Ilya Yashin: See You Tomorrow in Court!

Ilya Yashin

Tomorrow, September 7, the court will consider the complaint filed by my lawyers in accordance with Article 125 of the Russian Federal Criminal Procedures Code. We demand that the decision to launch a criminal case itself be ruled unlawful due to the fact that there is no evidence that a crime was committed..

The hearing will take place at 2:00 p.m. in [Moscow’s] Basmanny District Court (11 Kalanchevskaya Street, Room 24). I will be plugged into the meeting via a video link from the pre-trial detention center.

Of course, I have no illusions about “Basmanny justice.” But I want to note the excellent work of my defense team of Maria Eismont, Vadim Prokhorov, and Mikhail Biryukov, as well as lawyers Natalia Sekretaryova and Natalia Morozova, who have simply torn apart the state’s “evidence” in this shameful case.

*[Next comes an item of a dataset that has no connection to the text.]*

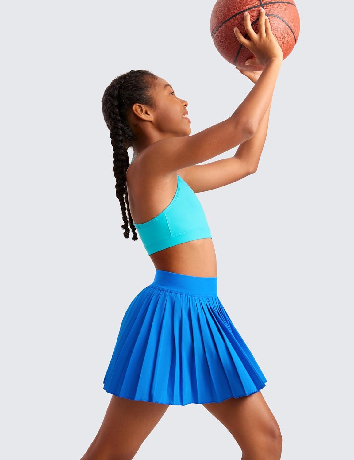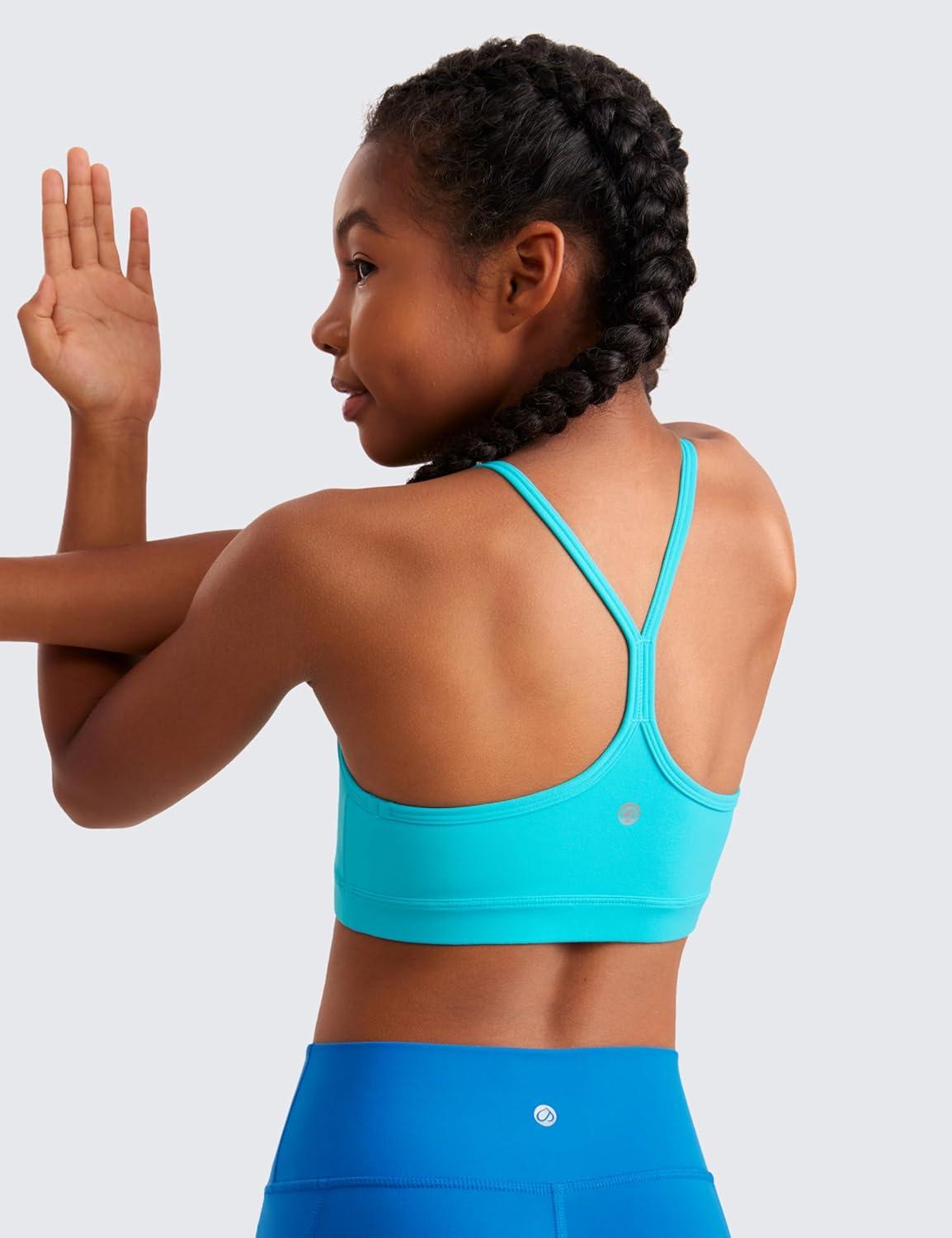 CRZ YOGA Butterluxe Scoop Neck Y Back Sports Bra for Girls – Yoga Athletic Casual Tops Spaghetti Strap Crop Padded Kids Teen(Spectral Blue)

If you want to see for yourself how clumsily and unprofessionally the indictment has been concocted, I strongly advise you (especially the law students among you) to peruse the text of the complaint.

Source: Ilya Yashin, Facebook, 6 September 2022. Photo by Alexandra Astakhova. Translated by the Russian Reader

A Bill of Goods

“Commander [watch]. Death to spies: commissioned by the GRU of the USSR.”
Source: Kitenhome, where the watch is identified as a “vintage men’s wrist watch” from 1990. It is priced to sell at $29.99.

Only the blind can claim that Vladimir Putin wants to revive the Soviet Union. On the contrary, he has built one of the most Darwinian and irresponsible capitalist systems on the planet. Only its imperial ambitions and the normalization of permanent theft bear any relation to the late Soviet state. Only the fear of the return of a totalitarian regime, which struck several generations in Russia, has delayed a left turn among the young. But the war has finally started it.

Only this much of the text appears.